The Lady's Own Cookery Book, and New ... · Bury, Charlotte Campbell, Lady · 1840
Ingredients (14)
Instructions (13)
  1. Separate and take off all the skin and fat from the mutton ribs.
  2. Put the mutton ribs into a stewpan with cloves, ginger, black pepper, cinnamon, mace, and garlic.
  3. Add enough water to stew the ingredients thoroughly and make the meat tender.
  4. Remove the mutton from the stewpan.
  5. Fry the mutton in butter until lightly browned.
  6. In the same pan, fry chopped small onions until very dry.
  7. Add the fried onions to the mutton-gravy and spices in which it was stewed.
  8. Stir in the curry-powder and half an ounce of butter.
  9. Mix all these ingredients well together.
  10. Add the mixture to rice that has been previously half boiled.
  11. Stew the whole mixture until the rice is cooked and the gravy is completely absorbed.
  12. When dishing for the table, thinly cover the pilaw with plain boiled rice to make it look white.

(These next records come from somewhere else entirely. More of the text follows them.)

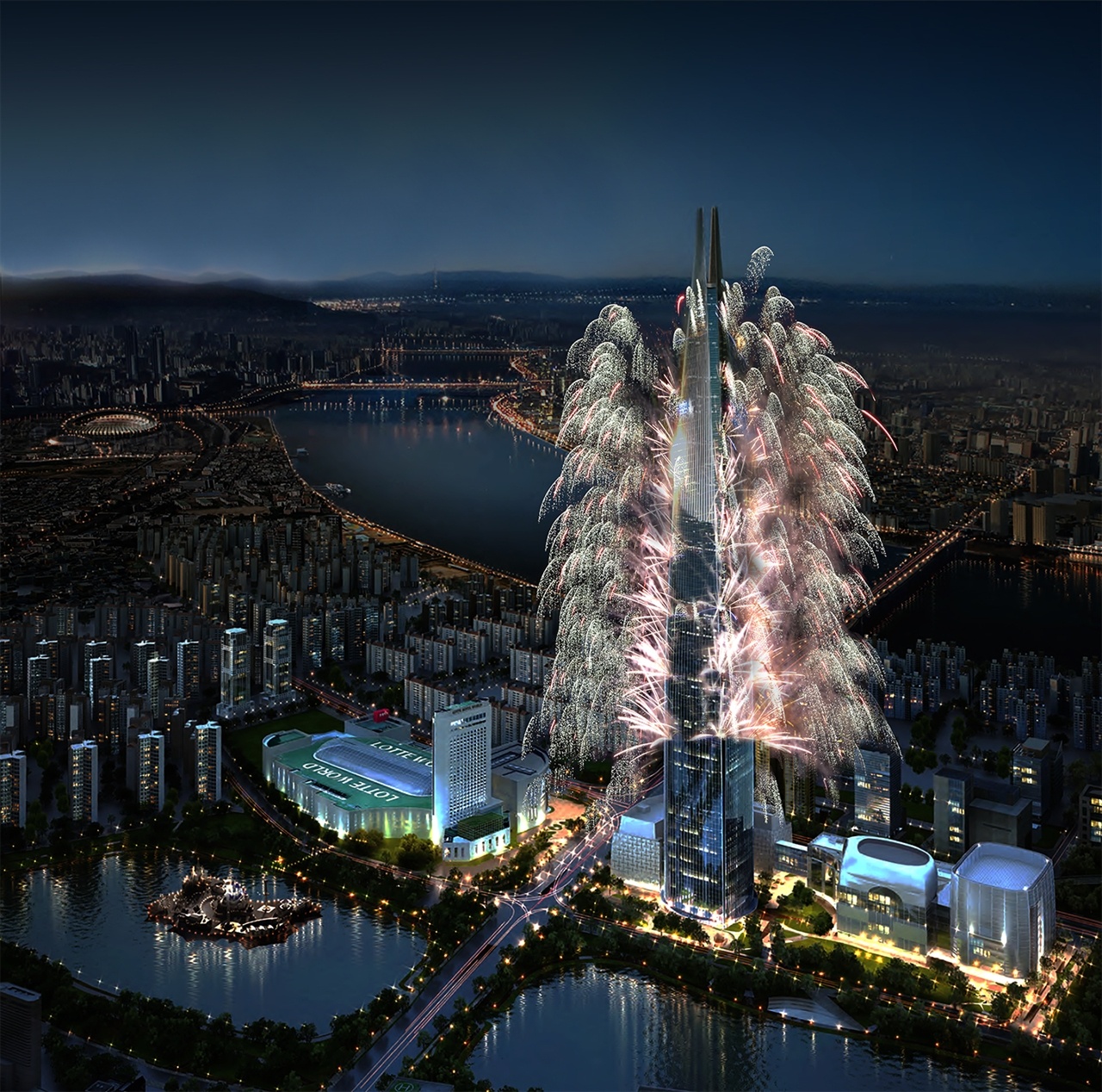On April 2, Korea celebrated the opening of its new tallest building, the Lotte World Tower, with 123 floors and standing 555m tall, near Seokchon Lake in Songpa, Seoul.
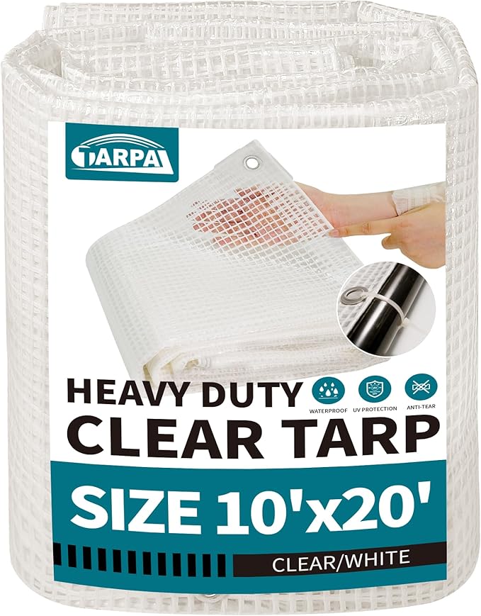 - 【12mil Heavy Duty Clear White Tarp】 Our clear white tarp is made of high quality polyethylene material. Clear tarp Waterproof is soft, easy to fold, not easy to deformation, reusable, Tarp cold, snow, water, dust, UV protection.
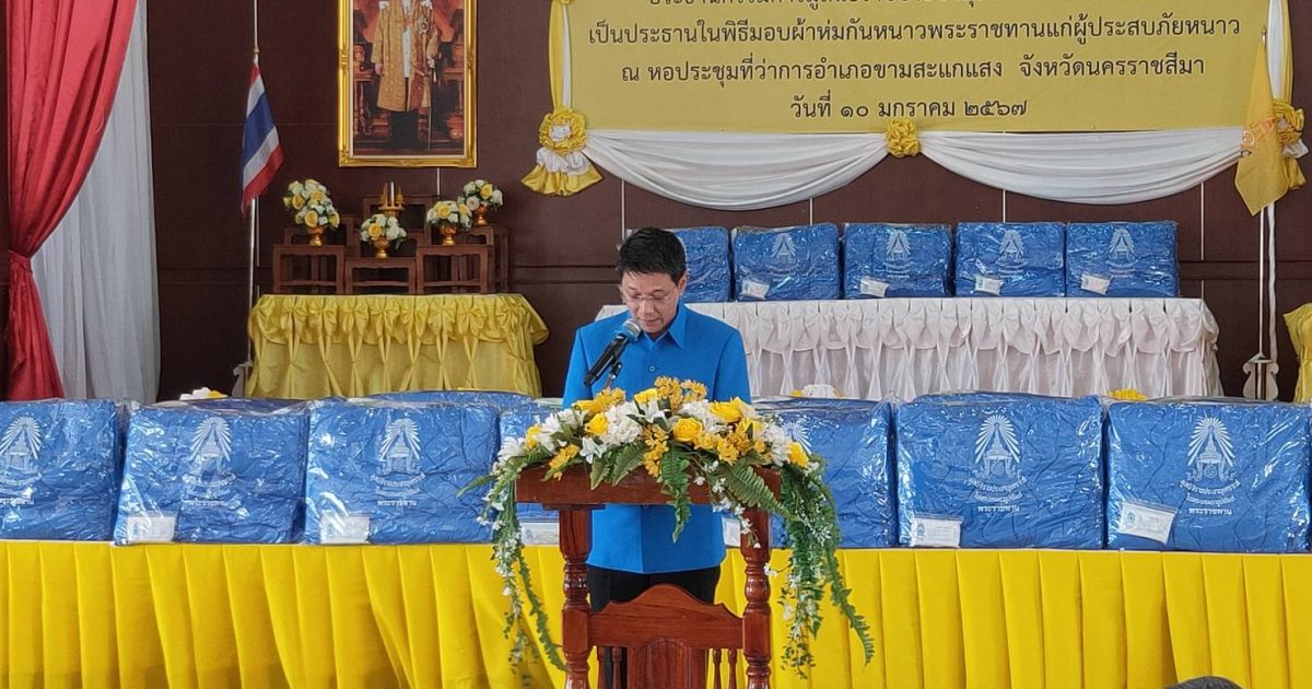 วันนี้ 10 ม.ค.67 เวลา 09.00 น. พ.ต.อ.ปรเมศร์ ตั้งจิตสมาธิ ผกก.สภ.ขามสะแกแสง พร้อมด้วย พ.ต.ต.สิปปวิชญ์ ปักกาโล สวป.ฯ ร่วมพิธีมอบผ้าห่มกันหนาวพระราชทาน แก่ประชาชนผู้ประสบภัยหนาว อำเภอขามสะแกแสง ณ.หอประชุมอำเภอขามสะแกแสง โดยมีผู้ว่าราชการจังหวัดนครราชสีมา เป็นประธานในพิธีมอบ
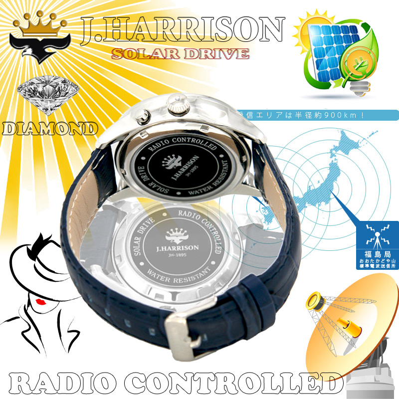 ソーラー電波 腕時計 標準電波を受信して自動で正確な時刻を刻んでくれる電波時計。            リューズに埋め込まれた天然ダイヤ(カボション)が高級感を上品に演出します。               ソーラーシステム搭載で面倒な電池交換も不要。 全国対応の電波ソーラー腕時計なので、 どこにいても正確な時刻に 自動修正、 面倒な時刻合わせが一切不要な電波ソーラー腕時計。 [仕様] あかり発電(ソーラー電源) 日常生活防水。 電波受信機能 定時受信、強制電波受信 電波受信電波: 長波(周波数40/60KHz)、 両局自動選局受信(1日最大3回) 高精度のアナログ表示機能を備えたソーラー駆動の電波時計。 全国対応の電波ウォッチなので、どこにいても正確な時刻に とってもエコで地球にやさしい腕時計です。
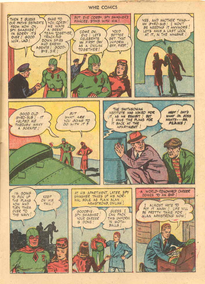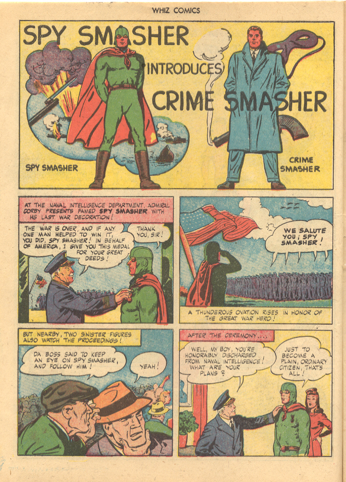Everything was going along really well for good ol’ Spy Smasher–and then, the danged war ended! Like Captain America and so many other patriotic-themed super heroes of the age, Spy Smasher’s raison detre had been taken from him, and he needed to find a way to go on, some replacement that would give him purpose on the home front.
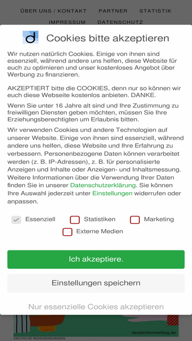 Kurzinformation zu den Cookies Wenn du direkt vom Cookie-Banner auf diese Datenschutzseite kommst, so willst du bestimmt schnell erfahren, was es mit den Cookies auf sich hat. Du findest alle Informationen in der Datenschutzerklärung, aber wir wollen dir hier einen kleinen Überblick geben. Warum Cookies?Wir benutzen Google-Analytics, um statistische Informationen über die Zugriffe auf Deutschlernerblog zu bekommen. Dies hilft uns, zu erkennen, welche Inhalte besonders beliebt sind, und ist wichtig bei der Entscheidung, welche Inhalte und Materialien wir für euch erarbeiten und bereitstellen. Das gesamte Angebot auf Deutschlernerblog ist für alle kostenlos und frei zugänglich. Natürlich müssen wir unsere Arbeit irgendwie finanzieren. Das versuchen wir über die Werbung mit Google-Adsense und dem Amazon-Partnerprogramm. Ohne diese Finanzierung würde es den Blog nicht geben. Wie Google eure personenbezogenen Daten verwendet, wenn ihr eure Einwilligung erteilt, erfahrt ihr hier: Google-Website zum Datenschutz und den Nutzungsbedingungen Was, wenn du nicht willst, dass Cookies eingesetzt werden?Die konsequenteste Maßnahme wäre, auf das Angebot von Deutschlernerblog zu verzichten und diesen Blog nicht mehr zu besuchen. Es wäre natürlich schade, wenn du diesen …
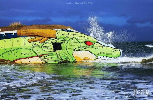 这座废弃碉堡常年来一直被废弃在海滩上,从侧面看去这个梯形很像神龙的头部,于是两位艺术家便借助绳索、梯子等各种工具,并耗费了很多染料将碉堡灰蒙蒙的外表覆盖住,重塑成霸气威猛的神龙造型,看起来是不是很帅气?
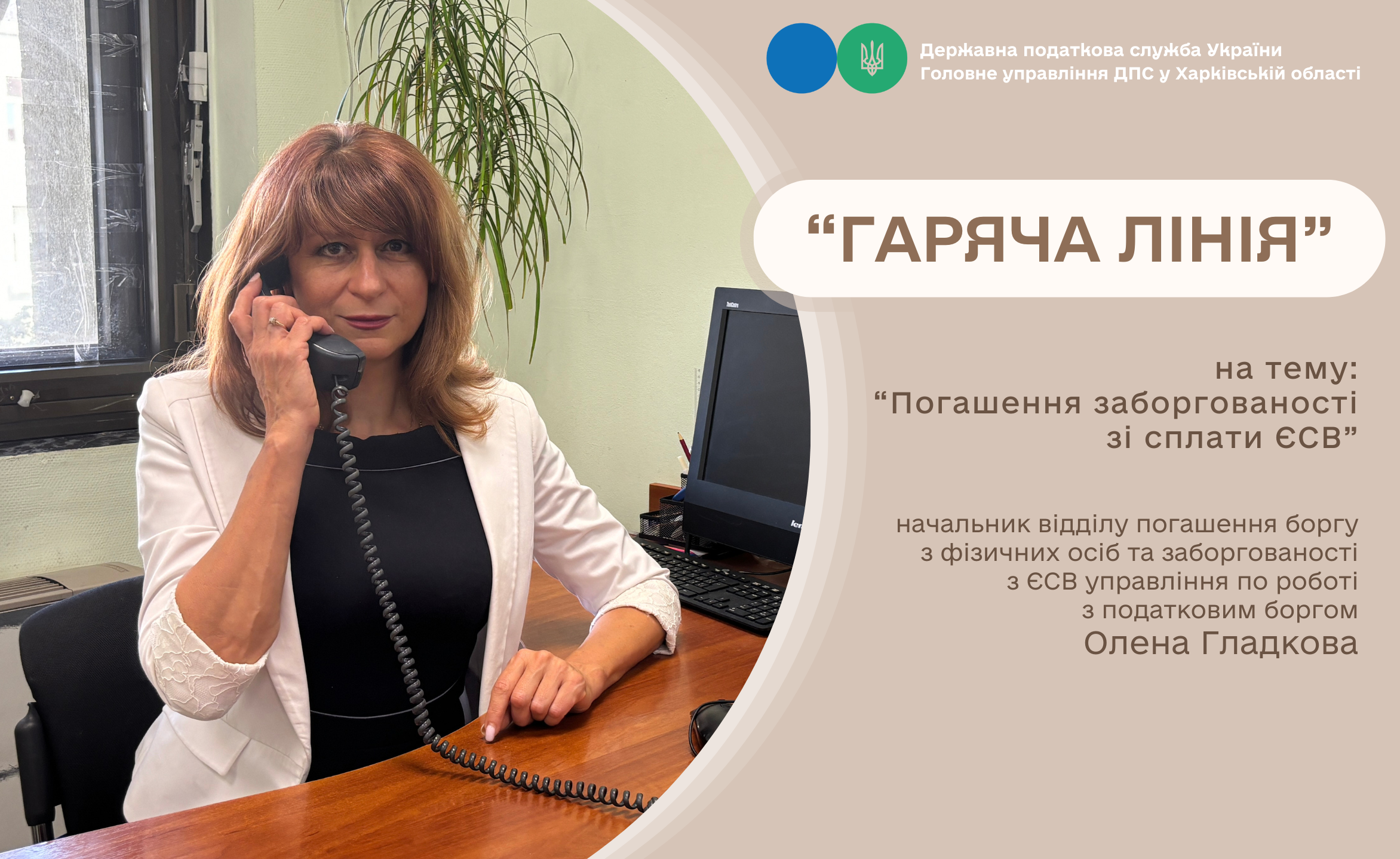 Начальник відділу погашення боргу з фізичних осіб та заборгованості з ЄСВ управління по роботі з податковим боргом Головного управління ДПС у Харківській області Олена Гладкова провела черговий сеанс телефонного зв’язку «гаряча лінія» з питань погашення заборгованості зі сплати єдиного соціального внеску (далі – ЄСВ).
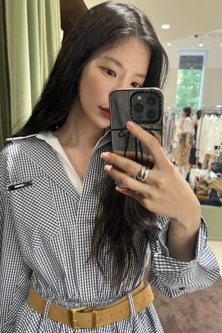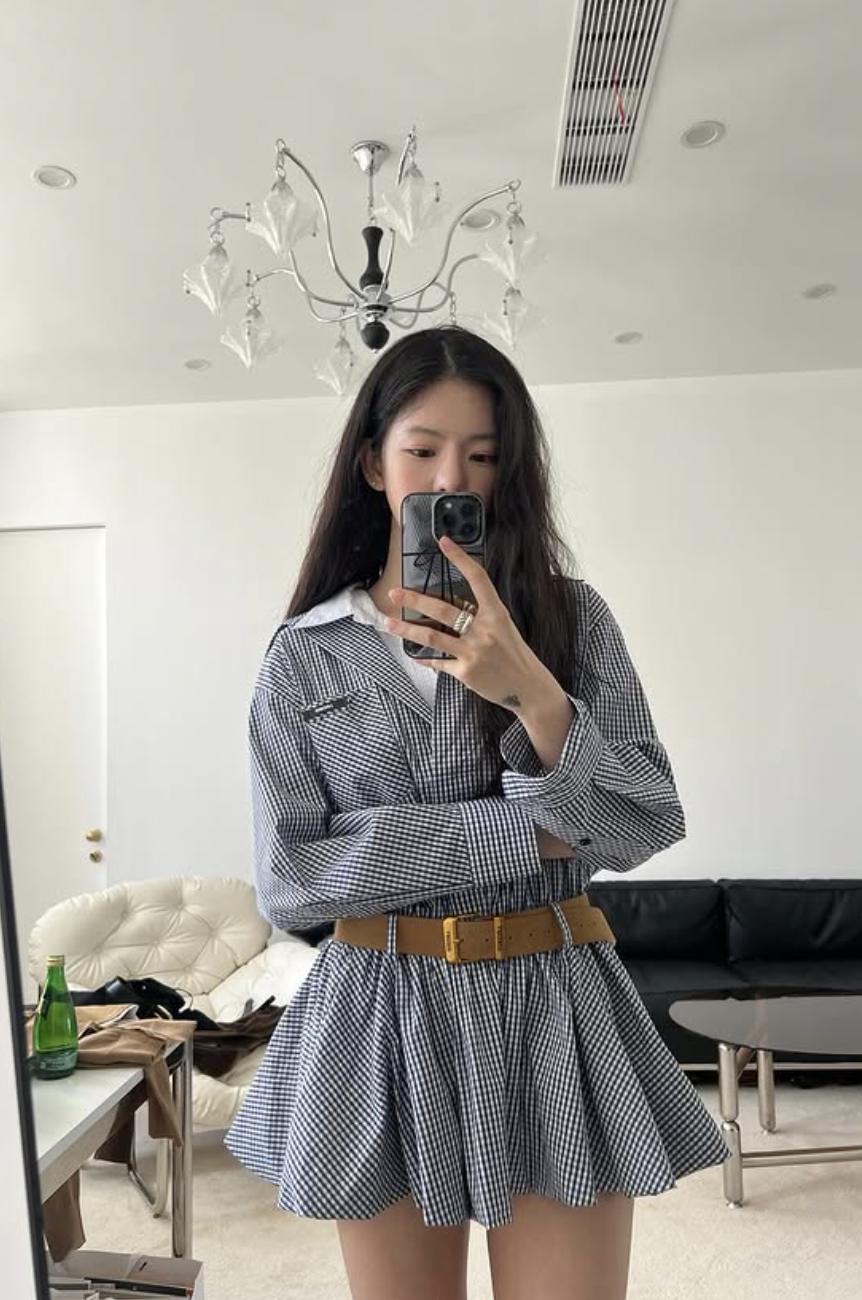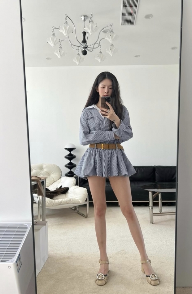 공개된 사진 속 장재인은 짧은 기장의 미니 원피스를 입고 거울 앞에서 포즈를 취하고 있다. 허리 벨트로 포인트를 준 스타일링과 통굽 힐을 매치해 세련된 분위기를 연출했으며, 늘씬한 각선미가 시선을 사로잡는다.
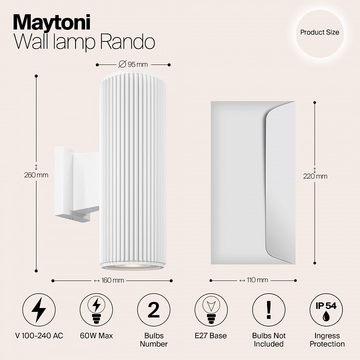 Светильник Maytoni Rando O419WL-02W весит всего 1.02 кг, что делает его легким и удобным в установке. Размер упаковки составляет 105x170x275 мм, что позволяет легко транспортировать и хранить товар.
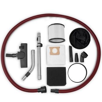 В комплекте вы найдете не только сам пылесос, но и HEPA-фильтр, поролоновый фильтр, комплект насадок, прочный мешок для мусора, телескопическую трубу из нержавеющей стали. Кабель и аксессуары можно удобно разместить на корпусе – пылесос всегда готов к работе!
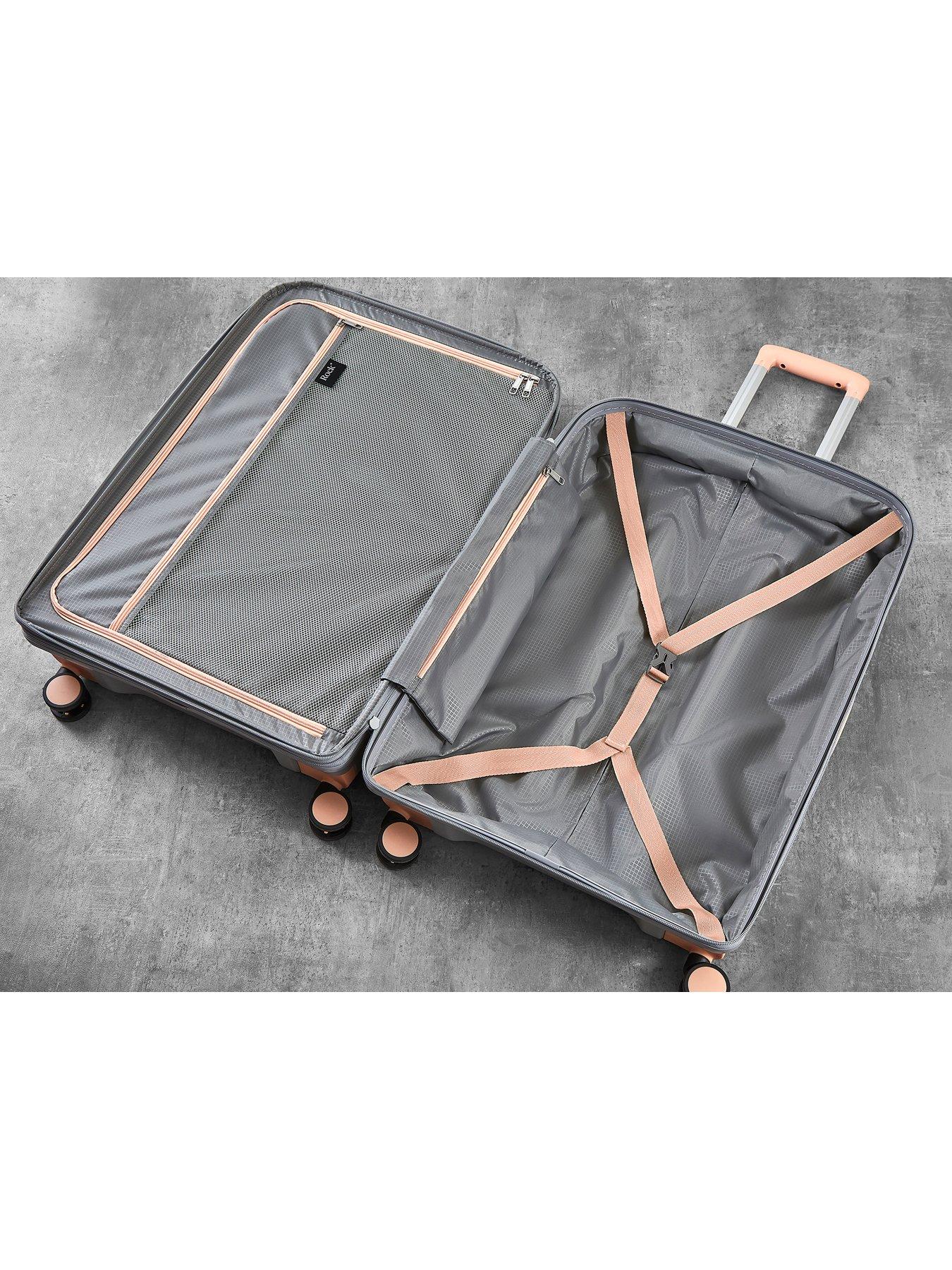 Rock Luggage Tulum 8 Wheel Hardshell Large Suitcase - GreyRock Tulum is made from ultra-strong polypropylene. It's super tough and impact resistant and packed with practical features. Available in a great choice of colours. Expander zips can be opened to increase the volume of the case, ideal for last-minute extras or holiday shopping.Eight smooth rolling wheels and a telescopic handle help them glide effortlessly along platforms and concourses. For your complete peace of mind, Tulum cases are fitted with an integrated Travel Sentry-approved TSA combination lock. Travel Sentry allows your suitcase to be legally opened by aviation security agencies without damaging your case. Design excellence continues inside, where you'll find a luxurious soft-touch lining, useful zipped pocket, and mesh divider section and elasticated straps to help prevent contents shifting. Leave your packing worries behind with this expandable hardshell with larger sizing allowing extra capacity for all those last minute additions, without having to purchase a larger size or another case.

  13. Serve the pilaw very hot.
Original Text
Pilaw, an Indian dish. Take six or eight ribs of a neck of mutton; separate and take off all the skin and fat, and put them into a stewpan with twelve cloves, a small piece of ginger, twelve grains of black pepper, and a little cinnamon and mace, with one clove of garlic. Add as much water as will serve to stew these ingredients thoroughly and make the meat tender. Then take out the mutton, and fry it in nice butter of a light brown, with some[136] small onions chopped fine and fried very dry; put them to the mutton-gravy and spice in which it was stewed, adding a table-spoonful of curry-powder and half an ounce of butter. After mixing all the above ingredients well together, put them to the rice, which should be previously half boiled, and let the whole stew together, until the rice is done enough and the gravy completely absorbed. When the pilaw is dished for table, it should be thinly covered with plain boiled rice to make it look white, and served up very hot.